__Problem__.
Please repeat, exactly and without pictures, the lines of the entries below that run from the one containing "Elevate your delicate" through the one containing "ミラノに訪れる曜日的にディナ".

__Materials provided__.
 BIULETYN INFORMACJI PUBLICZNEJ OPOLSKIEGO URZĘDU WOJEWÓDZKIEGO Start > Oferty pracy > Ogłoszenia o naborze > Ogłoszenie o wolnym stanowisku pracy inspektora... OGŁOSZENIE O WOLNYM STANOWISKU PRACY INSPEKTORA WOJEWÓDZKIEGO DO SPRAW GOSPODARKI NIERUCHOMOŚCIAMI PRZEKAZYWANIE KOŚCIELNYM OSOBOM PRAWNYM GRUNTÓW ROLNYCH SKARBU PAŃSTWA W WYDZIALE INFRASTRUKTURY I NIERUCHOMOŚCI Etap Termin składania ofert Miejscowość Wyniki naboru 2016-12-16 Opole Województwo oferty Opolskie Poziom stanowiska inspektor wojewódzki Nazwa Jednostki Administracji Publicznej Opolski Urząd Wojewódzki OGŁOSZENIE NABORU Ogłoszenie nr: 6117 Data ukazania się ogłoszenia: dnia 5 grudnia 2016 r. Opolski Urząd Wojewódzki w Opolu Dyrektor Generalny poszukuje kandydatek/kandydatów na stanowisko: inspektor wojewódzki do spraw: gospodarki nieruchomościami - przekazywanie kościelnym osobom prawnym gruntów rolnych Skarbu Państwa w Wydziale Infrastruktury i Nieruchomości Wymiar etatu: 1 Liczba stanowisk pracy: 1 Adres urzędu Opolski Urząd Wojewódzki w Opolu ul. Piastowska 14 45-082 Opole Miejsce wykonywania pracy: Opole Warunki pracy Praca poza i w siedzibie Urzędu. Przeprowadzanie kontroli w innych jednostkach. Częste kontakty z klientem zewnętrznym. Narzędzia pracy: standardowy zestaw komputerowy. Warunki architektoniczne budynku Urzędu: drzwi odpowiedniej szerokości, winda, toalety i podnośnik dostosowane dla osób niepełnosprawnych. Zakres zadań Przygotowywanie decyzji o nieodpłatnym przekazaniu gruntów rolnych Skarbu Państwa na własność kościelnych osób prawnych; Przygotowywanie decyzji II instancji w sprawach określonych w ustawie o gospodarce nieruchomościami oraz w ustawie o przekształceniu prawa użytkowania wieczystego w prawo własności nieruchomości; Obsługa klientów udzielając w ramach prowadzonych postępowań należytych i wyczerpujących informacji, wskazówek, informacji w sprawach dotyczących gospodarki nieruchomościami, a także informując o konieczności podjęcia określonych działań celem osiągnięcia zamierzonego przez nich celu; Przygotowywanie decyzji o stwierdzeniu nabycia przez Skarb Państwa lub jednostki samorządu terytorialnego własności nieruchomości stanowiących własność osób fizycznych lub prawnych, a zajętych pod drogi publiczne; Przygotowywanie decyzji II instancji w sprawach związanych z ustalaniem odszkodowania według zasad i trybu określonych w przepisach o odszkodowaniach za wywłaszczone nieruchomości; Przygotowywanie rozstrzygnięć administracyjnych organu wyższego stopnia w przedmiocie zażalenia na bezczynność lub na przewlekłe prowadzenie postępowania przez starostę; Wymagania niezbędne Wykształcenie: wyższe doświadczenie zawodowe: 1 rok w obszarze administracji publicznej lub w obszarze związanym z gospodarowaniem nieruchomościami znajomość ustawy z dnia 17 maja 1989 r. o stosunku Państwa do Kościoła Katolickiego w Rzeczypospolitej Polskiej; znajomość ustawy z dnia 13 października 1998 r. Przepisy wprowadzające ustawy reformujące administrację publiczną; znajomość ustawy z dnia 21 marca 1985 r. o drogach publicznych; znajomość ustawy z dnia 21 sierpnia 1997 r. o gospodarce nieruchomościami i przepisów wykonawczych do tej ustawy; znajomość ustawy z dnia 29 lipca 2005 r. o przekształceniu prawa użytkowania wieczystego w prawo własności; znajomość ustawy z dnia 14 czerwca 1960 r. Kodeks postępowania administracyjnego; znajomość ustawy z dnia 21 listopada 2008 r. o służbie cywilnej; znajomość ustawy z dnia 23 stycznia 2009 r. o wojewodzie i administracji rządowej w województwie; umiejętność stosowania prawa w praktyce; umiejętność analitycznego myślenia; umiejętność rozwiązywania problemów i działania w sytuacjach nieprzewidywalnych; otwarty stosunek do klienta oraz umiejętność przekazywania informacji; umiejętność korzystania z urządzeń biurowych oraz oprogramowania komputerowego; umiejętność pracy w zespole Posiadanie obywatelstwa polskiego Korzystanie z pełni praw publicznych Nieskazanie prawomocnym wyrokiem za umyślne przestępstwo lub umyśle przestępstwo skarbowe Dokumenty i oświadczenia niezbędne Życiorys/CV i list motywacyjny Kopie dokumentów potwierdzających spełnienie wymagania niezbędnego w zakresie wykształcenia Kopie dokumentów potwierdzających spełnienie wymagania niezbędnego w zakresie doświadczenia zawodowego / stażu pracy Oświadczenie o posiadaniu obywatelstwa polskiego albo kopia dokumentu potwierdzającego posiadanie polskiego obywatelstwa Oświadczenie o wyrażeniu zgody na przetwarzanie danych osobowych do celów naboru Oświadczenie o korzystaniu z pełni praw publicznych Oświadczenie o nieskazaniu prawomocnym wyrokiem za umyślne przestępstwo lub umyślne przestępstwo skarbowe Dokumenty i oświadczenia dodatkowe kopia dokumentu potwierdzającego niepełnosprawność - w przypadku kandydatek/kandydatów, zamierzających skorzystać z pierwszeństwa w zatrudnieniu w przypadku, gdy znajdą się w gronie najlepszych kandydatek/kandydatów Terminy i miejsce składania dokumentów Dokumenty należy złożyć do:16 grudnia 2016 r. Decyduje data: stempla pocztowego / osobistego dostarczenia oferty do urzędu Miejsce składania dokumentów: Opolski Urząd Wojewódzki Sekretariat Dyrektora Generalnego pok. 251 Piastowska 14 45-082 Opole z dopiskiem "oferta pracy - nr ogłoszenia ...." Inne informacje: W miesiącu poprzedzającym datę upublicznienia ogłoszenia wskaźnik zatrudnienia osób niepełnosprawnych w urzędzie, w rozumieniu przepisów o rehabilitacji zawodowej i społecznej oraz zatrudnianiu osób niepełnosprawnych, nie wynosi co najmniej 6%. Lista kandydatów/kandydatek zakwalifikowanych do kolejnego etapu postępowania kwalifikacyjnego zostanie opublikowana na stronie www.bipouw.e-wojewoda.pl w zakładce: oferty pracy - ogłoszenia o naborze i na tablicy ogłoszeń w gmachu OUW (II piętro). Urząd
--
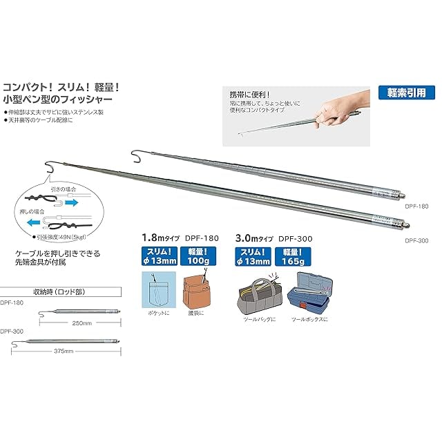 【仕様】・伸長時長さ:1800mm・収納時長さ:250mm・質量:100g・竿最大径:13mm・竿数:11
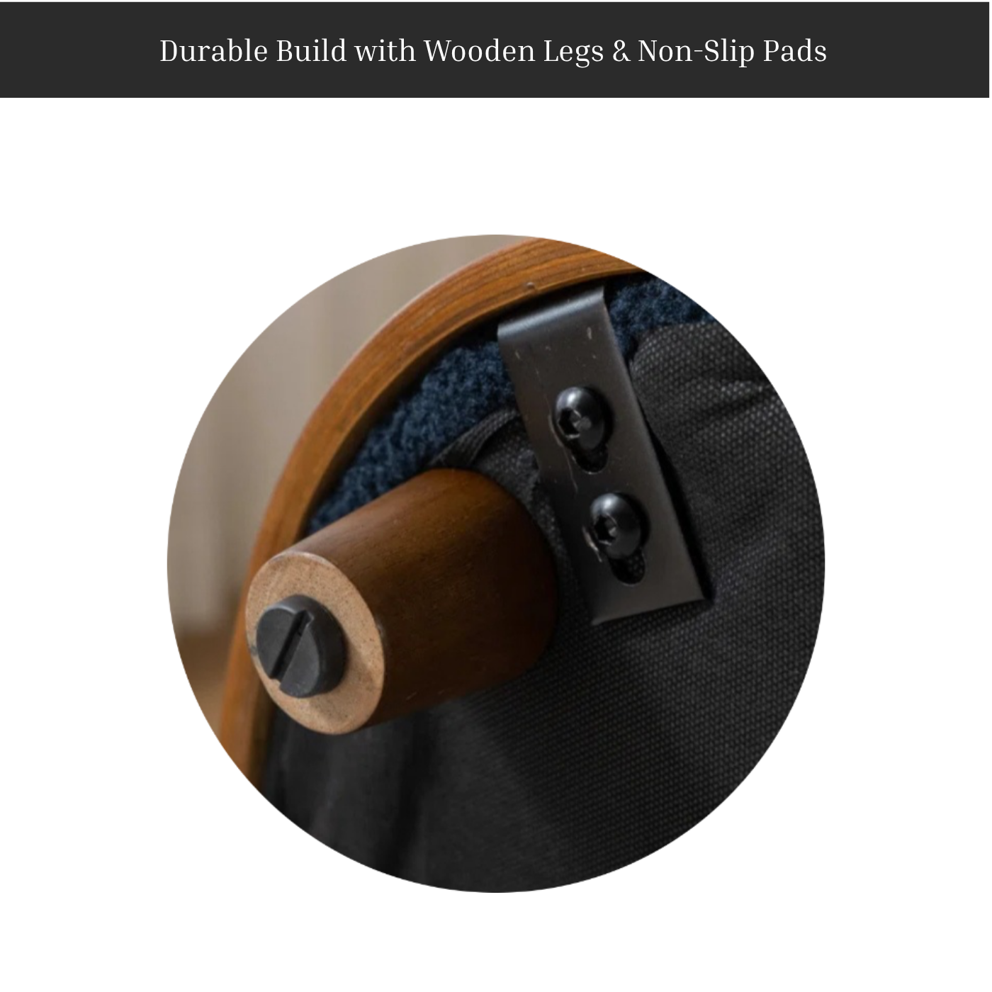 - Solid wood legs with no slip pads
* * *
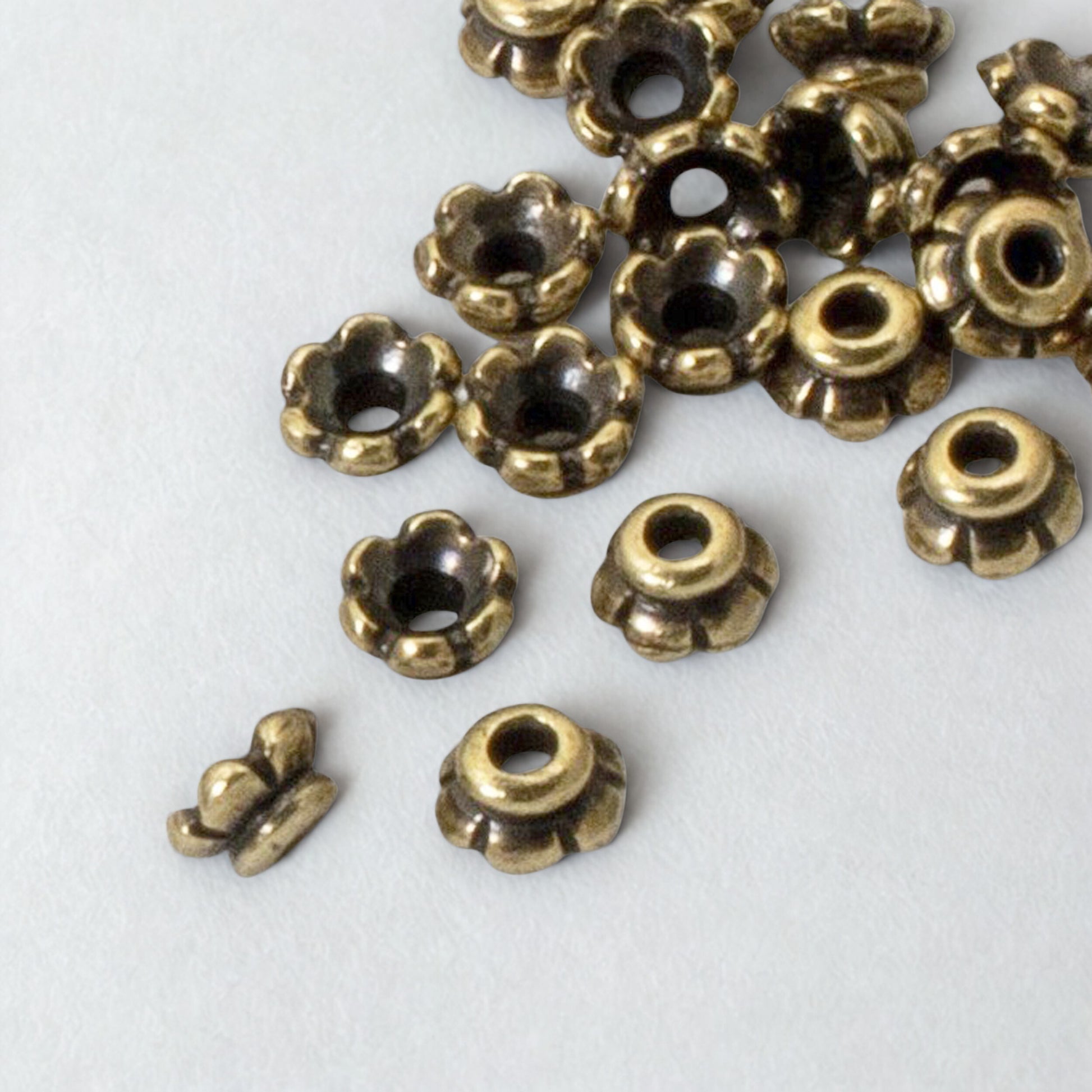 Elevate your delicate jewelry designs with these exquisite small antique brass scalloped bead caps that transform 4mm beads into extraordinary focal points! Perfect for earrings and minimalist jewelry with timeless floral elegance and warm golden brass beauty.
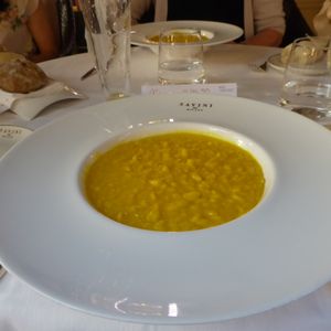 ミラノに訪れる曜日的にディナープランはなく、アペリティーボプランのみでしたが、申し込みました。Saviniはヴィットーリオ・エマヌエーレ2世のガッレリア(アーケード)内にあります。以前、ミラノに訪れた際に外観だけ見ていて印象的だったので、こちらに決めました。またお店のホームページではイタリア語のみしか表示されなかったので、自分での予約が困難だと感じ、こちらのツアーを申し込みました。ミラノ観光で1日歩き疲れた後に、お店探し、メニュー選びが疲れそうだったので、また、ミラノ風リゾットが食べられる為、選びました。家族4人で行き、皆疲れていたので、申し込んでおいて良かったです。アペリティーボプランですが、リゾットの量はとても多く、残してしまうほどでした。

__Solution for this problem__.
 Elevate your delicate jewelry designs with these exquisite small antique brass scalloped bead caps that transform 4mm beads into extraordinary focal points! Perfect for earrings and minimalist jewelry with timeless floral elegance and warm golden brass beauty.
 ミラノに訪れる曜日的にディナープランはなく、アペリティーボプランのみでしたが、申し込みました。Saviniはヴィットーリオ・エマヌエーレ2世のガッレリア(アーケード)内にあります。以前、ミラノに訪れた際に外観だけ見ていて印象的だったので、こちらに決めました。またお店のホームページではイタリア語のみしか表示されなかったので、自分での予約が困難だと感じ、こちらのツアーを申し込みました。ミラノ観光で1日歩き疲れた後に、お店探し、メニュー選びが疲れそうだったので、また、ミラノ風リゾットが食べられる為、選びました。家族4人で行き、皆疲れていたので、申し込んでおいて良かったです。アペリティーボプランですが、リゾットの量はとても多く、残してしまうほどでした。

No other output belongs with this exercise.